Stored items

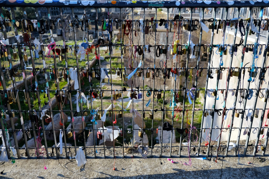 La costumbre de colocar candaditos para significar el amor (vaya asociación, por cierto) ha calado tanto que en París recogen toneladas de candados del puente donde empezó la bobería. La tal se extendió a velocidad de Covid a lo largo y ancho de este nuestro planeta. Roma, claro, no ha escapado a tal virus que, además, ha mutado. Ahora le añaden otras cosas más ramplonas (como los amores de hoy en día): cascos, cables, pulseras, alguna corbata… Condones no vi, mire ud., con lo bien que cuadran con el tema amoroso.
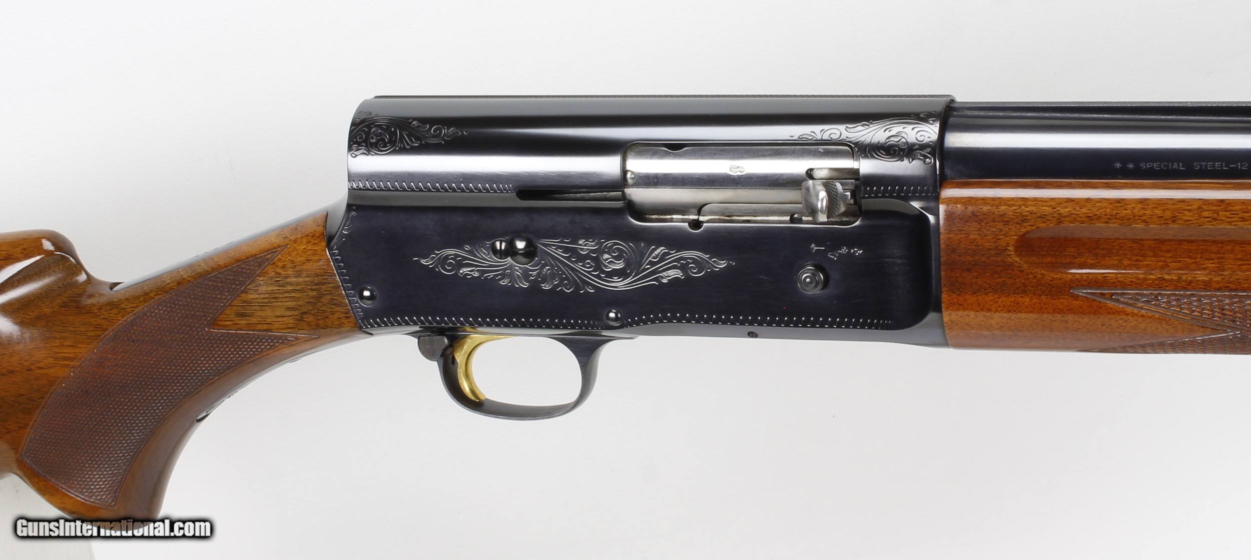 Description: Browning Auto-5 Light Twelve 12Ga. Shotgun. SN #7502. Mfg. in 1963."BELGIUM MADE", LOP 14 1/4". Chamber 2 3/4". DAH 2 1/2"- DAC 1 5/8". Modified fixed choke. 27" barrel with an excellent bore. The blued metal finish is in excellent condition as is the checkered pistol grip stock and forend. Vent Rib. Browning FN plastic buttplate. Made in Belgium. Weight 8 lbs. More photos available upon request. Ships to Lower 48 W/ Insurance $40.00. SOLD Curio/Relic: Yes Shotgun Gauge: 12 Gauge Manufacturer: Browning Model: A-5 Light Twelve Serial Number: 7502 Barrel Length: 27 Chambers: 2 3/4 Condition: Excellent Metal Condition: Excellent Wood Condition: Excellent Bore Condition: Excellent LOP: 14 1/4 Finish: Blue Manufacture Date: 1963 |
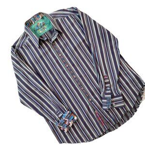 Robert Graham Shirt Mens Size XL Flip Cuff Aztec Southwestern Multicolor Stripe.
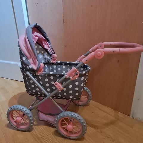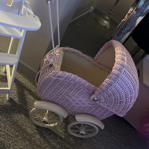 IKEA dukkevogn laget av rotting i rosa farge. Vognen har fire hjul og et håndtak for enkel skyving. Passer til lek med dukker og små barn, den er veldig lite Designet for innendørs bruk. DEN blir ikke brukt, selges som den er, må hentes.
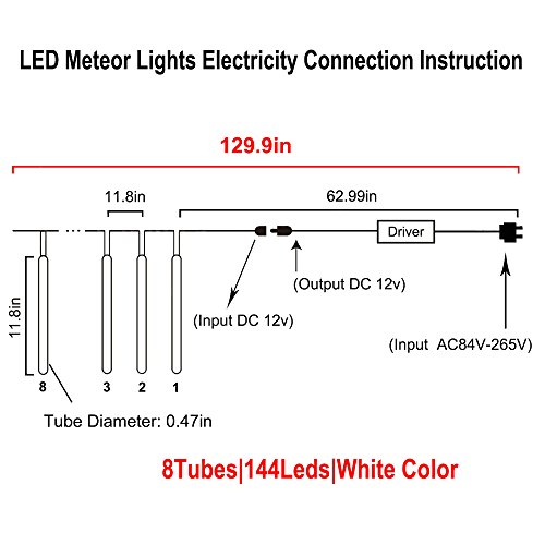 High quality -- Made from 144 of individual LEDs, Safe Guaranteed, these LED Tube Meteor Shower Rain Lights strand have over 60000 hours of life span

**Required action**
Using the records above, extract exactly and only the lines from the one with "Robert Graham Shirt" through the final line, inclusive, leaving out pictures.

**Reply**
 Robert Graham Shirt Mens Size XL Flip Cuff Aztec Southwestern Multicolor Stripe.
 IKEA dukkevogn laget av rotting i rosa farge. Vognen har fire hjul og et håndtak for enkel skyving. Passer til lek med dukker og små barn, den er veldig lite Designet for innendørs bruk. DEN blir ikke brukt, selges som den er, må hentes.
 High quality -- Made from 144 of individual LEDs, Safe Guaranteed, these LED Tube Meteor Shower Rain Lights strand have over 60000 hours of life span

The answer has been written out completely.